But in the early 1980s, a NASA analysis team discovered something strange: Pioneer 10 and 11 were both slowing down and veering off course. The deceleration became known as the Pioneer Anomaly, and for a long time, it had scientists and engineers totally stumped. It took an intense data hunt, a computer simulation, and more than 3 decades to figure out what was going on.

The team first noticed the anomaly because of the Doppler effect, which describes how the frequency of light emitting from an object changes if the object is moving. The engineers working on Pioneer expected the light coming from the probes to be shifted by a certain amount, based on the probes’ speed. But when they measured the actual frequency of the light, it was slightly higher than they’d predicted.

They already knew that the probes would be slowing down at least a little, because of things like the pull of the Sun’s gravity. But the frequency of the light showed that Pioneer 10 and 11 were both slowing down more than they should have been, and no one knew why. Each year they were a few hundred kilometers from where they were expected to be.

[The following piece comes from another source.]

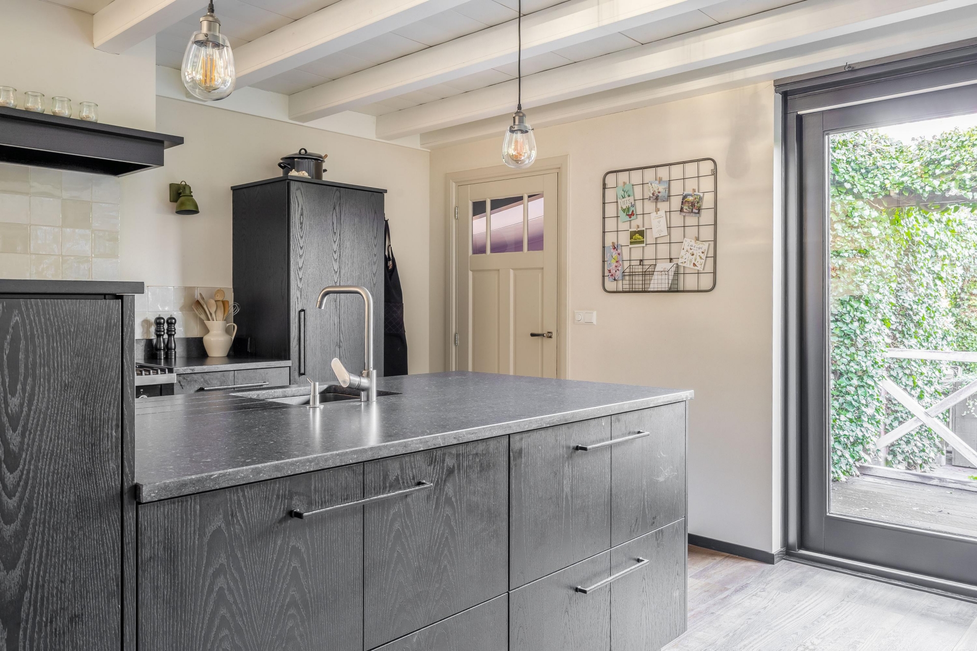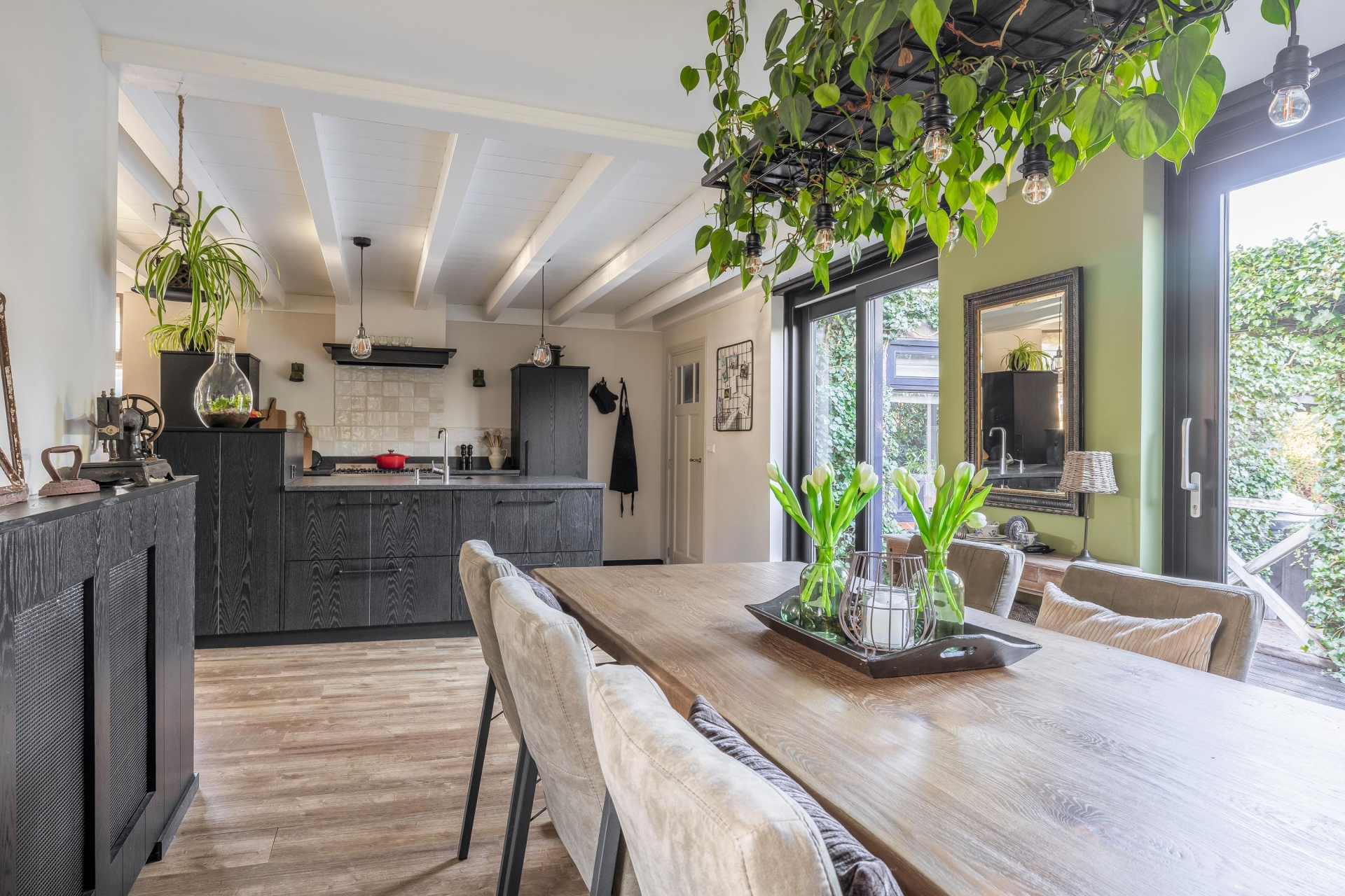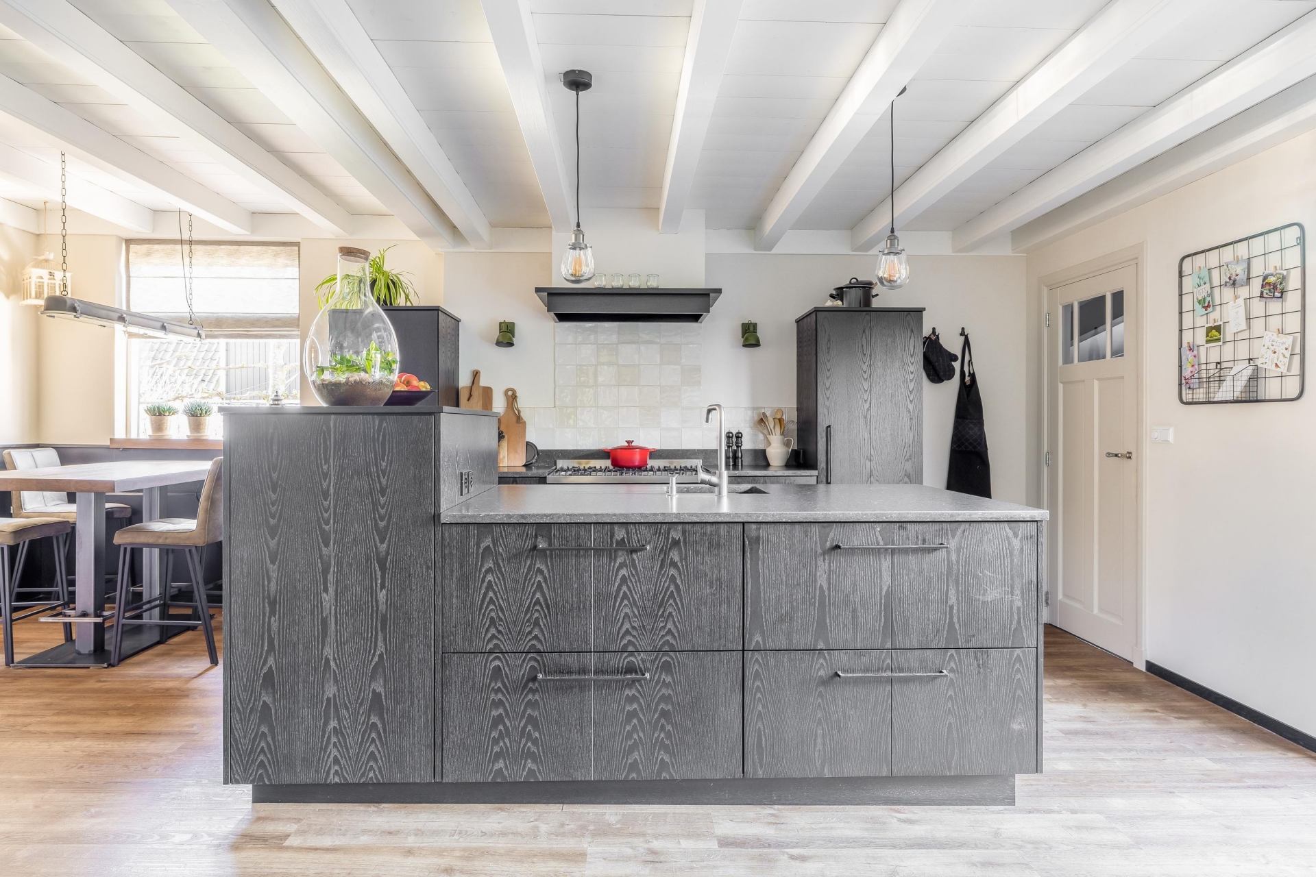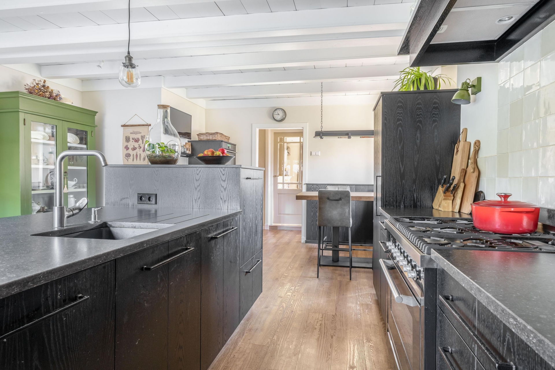In het verlengde van de hal vind je de echte eyecatcher van dit huis: een ruime en stijlvolle woonkeuken, uitgevoerd in zwart hout. Het balkenplafond en de houten vloer geven de ruimte een landelijke, warme sfeer. Uiteraard is de keuken voorzien van moderne inbouwapparatuur.

Two other probes seemed to have some trajectory issues too, though there was less data on them: Galileo, which launched in 1989 to study Jupiter and its moons; and the Ulysses spacecraft, a Sun probe that launched in 1990. If you’re going to launch something into space, you really do want to know where it’s going. So in 1994, a team of scientists decided to try to identify the source of the Pioneer anomaly.

The most likely culprit seemed to be thermal radiation. If the different components of the spacecraft were emitting heat unevenly, the extra radiation coming from one side could be enough to slow them down a tiny bit. And when I say tiny, I mean tiny — each Pioneer probe was being slowed by a force that was about 10 billion times weaker than Earth’s gravitational pull.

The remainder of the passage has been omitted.